For the injection molding of flexible articles such as houseware materials, the preferred copolymers of the present invention are those having a density of ≧0.920 to ≦0.940 and preferably of about ≧0.925 to ≦0.930; a molecular weight distribution Mw/Mn of ≧2.7 to ≦3.6, and preferably of about ≧2.8 to ≦3.1; and a standard melt index of ≧2 to ≦100 and preferably of about ≧8 to ≦80.

HIGH ACTIVITY CATALYST

The compounds used to form the high activity catalyst used in the present invention comprise at least one titanium compound, at least one magnesium compound, at least one electron donor compound, at least one activator compound and at least one porous inert carrier material, as defined below.

The titanium compound has the structure

Ti(OR)_a X_b

wherein

R is a C₁ to C₁4 aliphatic or aromatic hydrocarbon radical, or COR' where R' is a C₁ to C₁4 aliphatic or aromatic hydrocarbon radical,

X is selected from the group consisting of Cl, Br, I or mixtures thereof,

a is 0, 1 or 2, b is 1 to 4 inclusive and a+b=3 or 4.

The titanium compounds can be used individually or in combinations thereof, and would include TiCl₃, TiCl₄, Ti(OCH₃)Cl₃, Ti(OC₆ H₅)Cl₃, Ti(OCOCH₃)Cl₃ and Ti(OCOC₆ H₅)Cl₃.

The magnesium compound has the structure

MgX₂

wherein X is selected from the group consisting of Cl, Br, I or mixtures thereof.

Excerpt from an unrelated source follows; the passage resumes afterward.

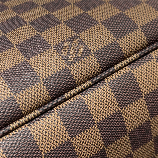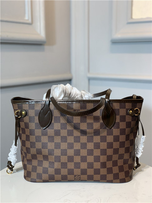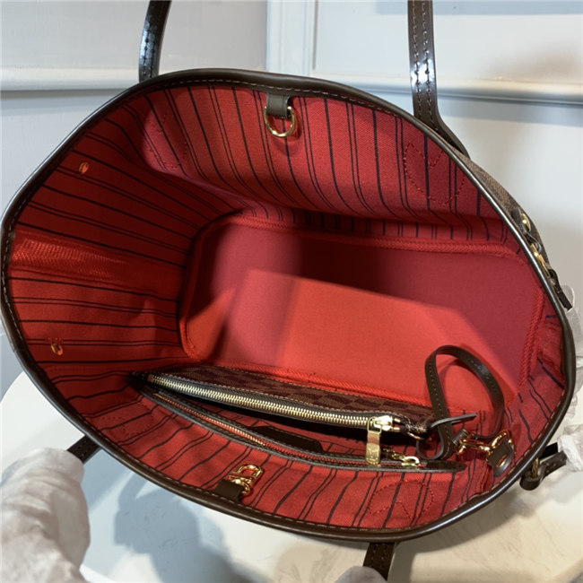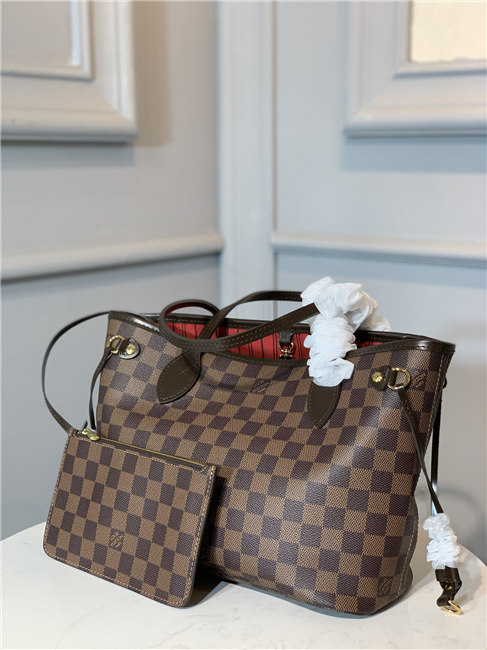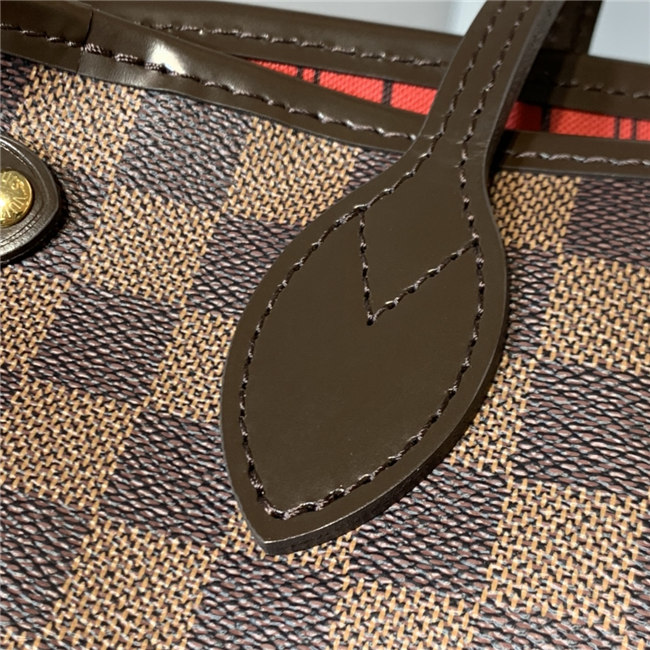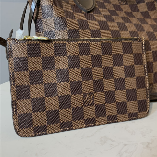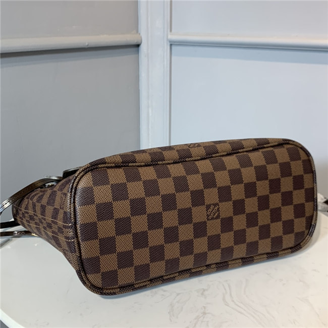 The Neverfull PM tote pairs timeless design with heritage details. Crafted from Damier Ebene canvas with natural cowhide trim, it is capacious yet not bulky, with side laces that cinch for a sleek allure or loosen for a casual look. Slim, comfortable handles slip easily over the shoulder or arm. Lined in colorful textile, it features a removable pouch which can be used as a clutch or an extra pocket.

Such magnesium compounds can be used individually or in combinations thereof and would include MgCl₂, MgBr₂ and MgI₂. Anhydrous MgCl₂ is the particularly preferred magnesium compound.

About 0.5 to 56, and preferably about 1 to 10, mols of the magnesium compound are used per mol of the titanium compound in preparing the catalysts employed in the present invention.

The titanium compound and the magnesium compound should be used in a form which will facilitate their dissolution in the electron donor compound, as described herein below.

The electron donor compound is an organic compound which is liquid at 25°C and in which the titanium compound and the magnesium compound are soluble. The electron donor compounds are known, as such, or as Lewis bases.

The electron donor compounds would include such compounds as alkyl esters of aliphatic and aromatic carboxylic acids, aliphatic ethers, cyclic ethers and aliphatic ketones. Among these electron donor compounds the preferable ones are alkyl esters of C₁ to C₄ saturated aliphatic carboxylic acids; alkyl esters of C₇ to C₈ aromatic carboxylic acids; C₂ to C₈, and preferably C₃ to C₄, aliphatic ethers; C₃ to C₄ cyclic ethers, and preferably C₄ cyclic mono- or di-ether; C₃ to C₆, and preferably C₃ to C₄, aliphatic ketones. The most preferred of these electron donor compounds would include methyl formate, ethyl acetate, butyl acetate, ethyl ether, hexyl ether, tetrahydrofuran, dioxane, acetone and methyl isobutyl ketone.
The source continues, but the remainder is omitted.